I heard the other day that Father Kevin Sweeney had died. I would have liked to attend his funeral. He brought peace to my father’s troubled soul. He married me to my former husband. He gave me a job teaching, when I had no qualifications. And he let me write sermons for him. Was I the first, or perhaps the only, woman to have delivered a sermon in a catholic church? In Melbourne!! What would a patriarchal hierarchy make of that? Fr Sweeney was a mild and unassuming man, simply devoted to his spiritual life, reared in the days when the Church and orthodoxy dominated the life of every Catholic. He felt honoured to have become a priest, “a priest for ever, in the order of Melchisadek”, he said to me once, a liturgical reference to an Old Testament passage. As he aged, the world changed around him – it became cynical, faithless, immoral and immodest. But Fr Sweeney managed to deal with all the changes with equanimity, perhaps even compassion.
New parish, new priest
I first came in contact with him while I was still at school. Our parish arose out of land which had been agricultural but was developing into the northern suburbs. It was still small – Lalor was only 3 blocks when we first went there, when I was 8. The railway station was a shed on a sandy rise, serviced by a diesel motor train which met up with the electrified line at Reservoir about 4 miles south of the scrubby paddocks of Lalor, the direction towards the metropolis of Melbourne. We were part of the rural parish of Epping a mile and half further north. But the baby boom was underway, and, while rooms were being added to St Peter’s at Epping, a new parish at Lalor was mooted, to be named St Luke’s. The parish priests of Epping started fund raising to get the first buildings of a parish in the suddenly expanding suburb of Lalor.

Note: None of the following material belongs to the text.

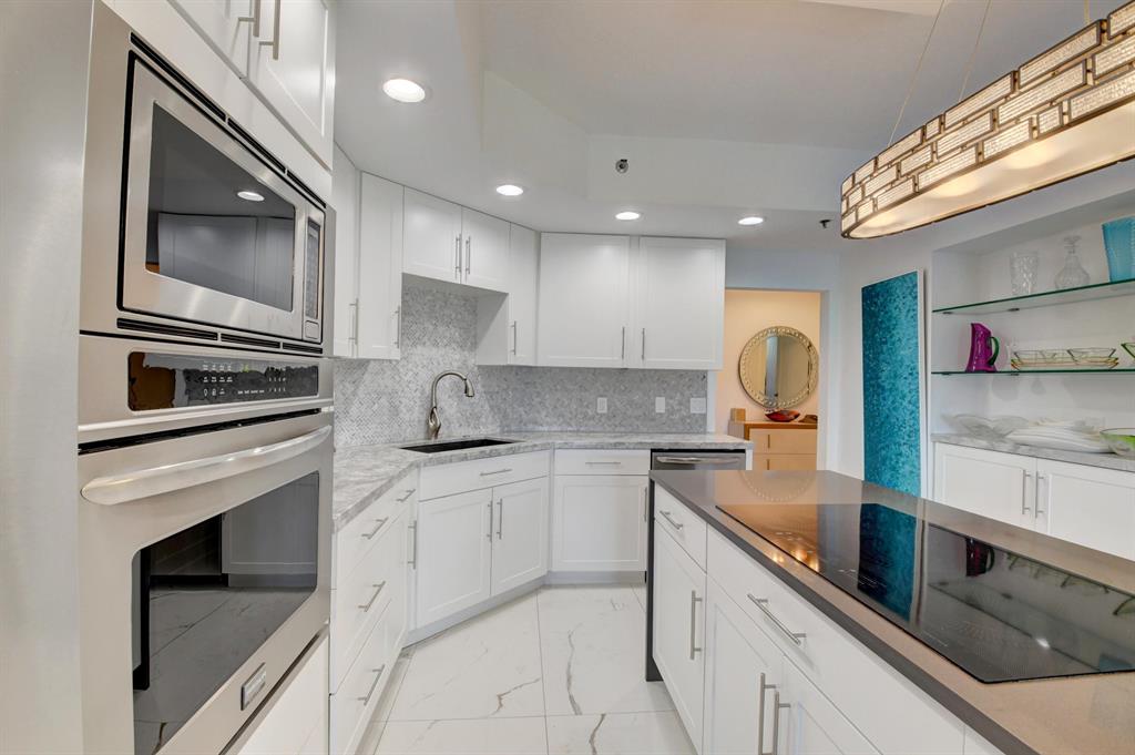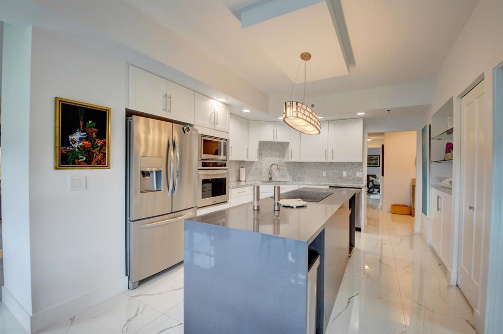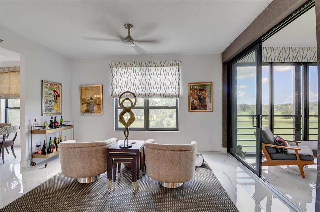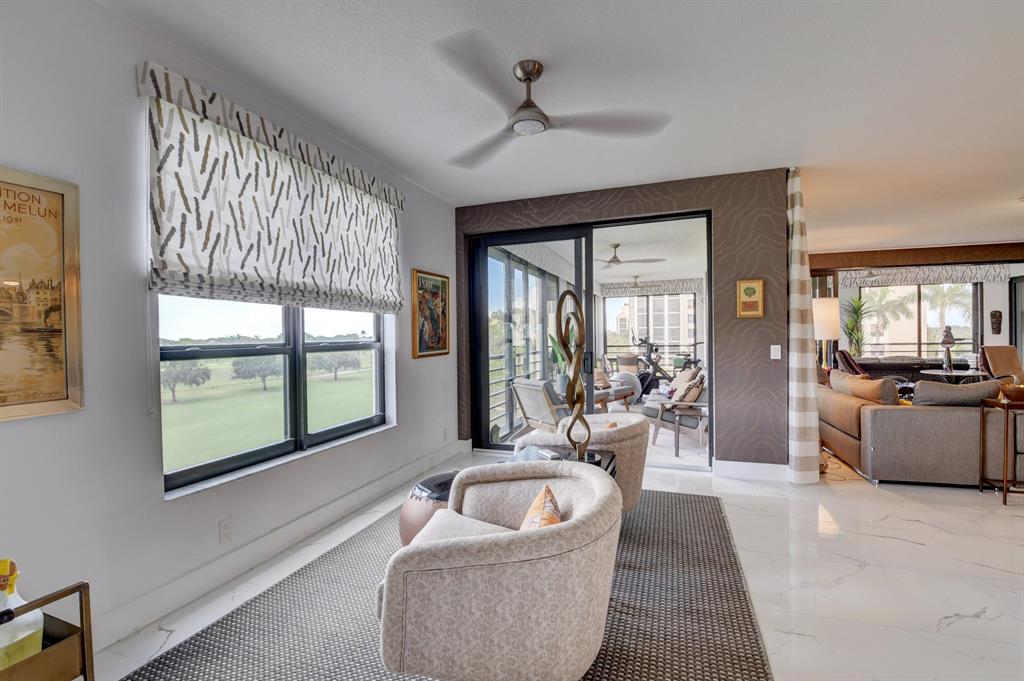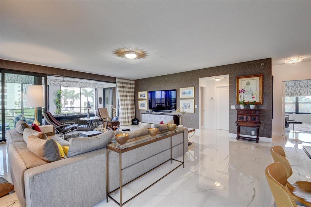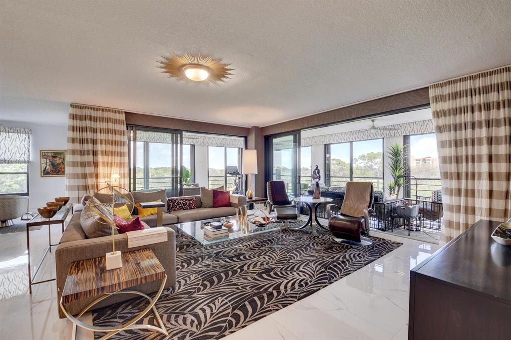 Spectacular 3/2.5 fully renovated condo on 4th floor in upscale building of Boca Pointe! Walk right in and be swept away by the golf and lake views from the wrap around terrace. Includes 2 parking spaces and 2 storage units (typical condo only has 1 of each). Floor plan features foyer, split bedrooms, 2 custom fitted closets in master, walk in storage closet, double sinks plus separate tub and shower in master bath, large kitchen with breakfast area plus home office or sitting area, living room and formal dining room, and separate laundry room. Impact glass on all windows and interior sliders. Renovated in the past 2 years. Porcelain floors throughout condo. Imperial Royale building has locked entrance, lobby, clubroom, renovated pool and patio, manager on site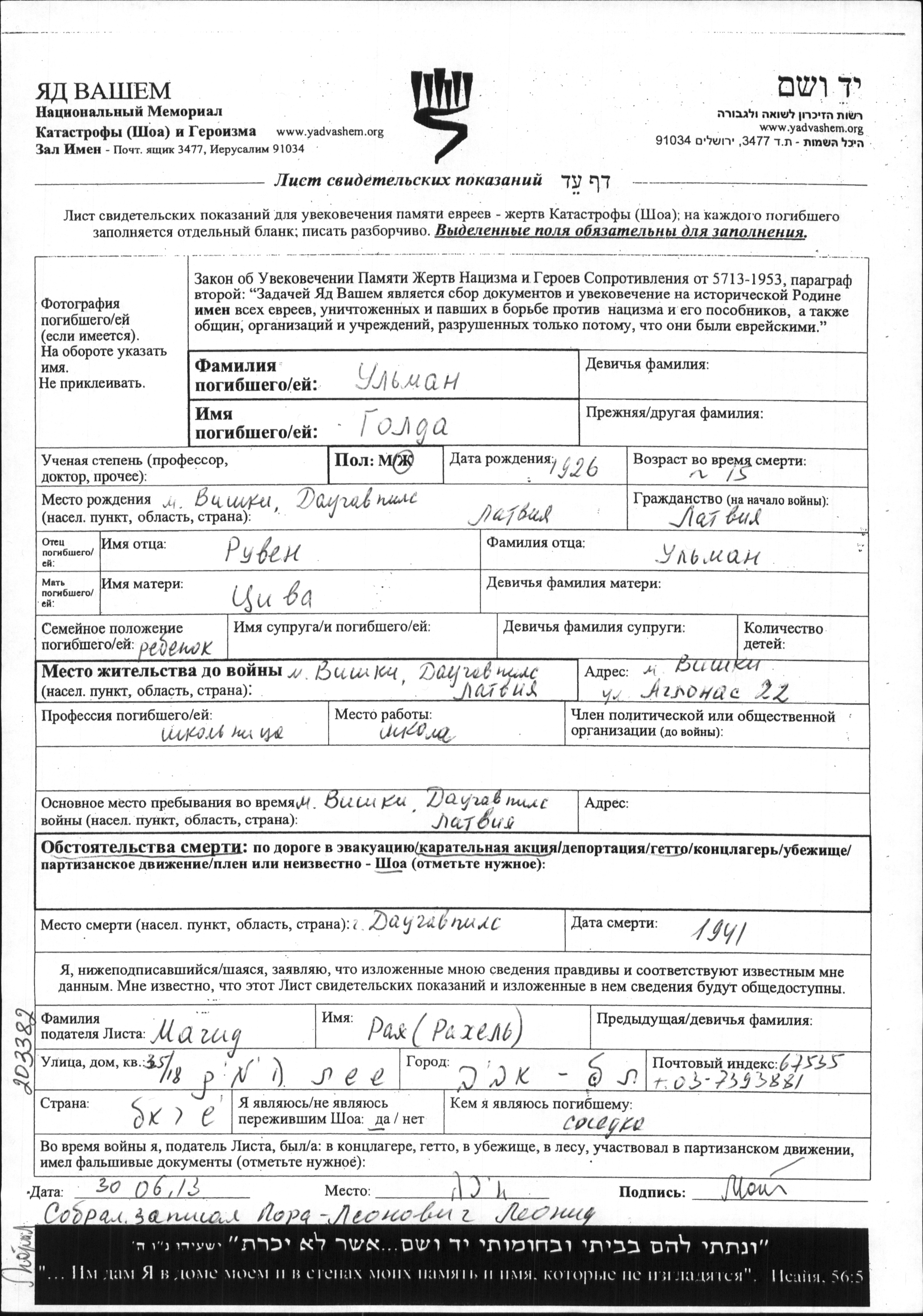 Yad Vashem - Pages of Testimony Names Memorial Collection

That brought a great benefit to me and the other kids I grew up with. It meant that we grew up in a community, not in the alienation and isolation of families in the sprawling suburbs south of us. Lalor grew as we grew, we had paddocks to roam and half-built houses to play in, and, as our parents came together in the fundraising house-parties, dances and suppers, we were often together overnight, too – not surprising to find a dozen kids asleep in one house, to be picked up the next day. There was a quality akin to a litter of pups for us, as the parish buildings began to appear.
Which of them came first, I wonder? Soon there was a school… then a presbytery? Or was the church first? And I was 16 in Year 12 when the first parish priest of Lalor was appointed. Our first priest and his first appointment, as it happened. This mild-mannered man with no great charisma nor, at first appearance, any great gifts, was assigned a parish half formed, out of the huge suburban growth that filled the northern suburbs with a polyglot population faster than the buildings could hold them. He was always unflappable, never stressed.
Dad, sad and ruined, and reclaimed
My father reclaimed his spirituality towards the end of his life. An alcoholic and lifetime smoker, it was a great irony that he settled down and gave up the grog, as a penitential act, with Fr Sweeney as his confessor (spiritual guide) – only to develop bronchial cancer, and die within a year of his diagnosis.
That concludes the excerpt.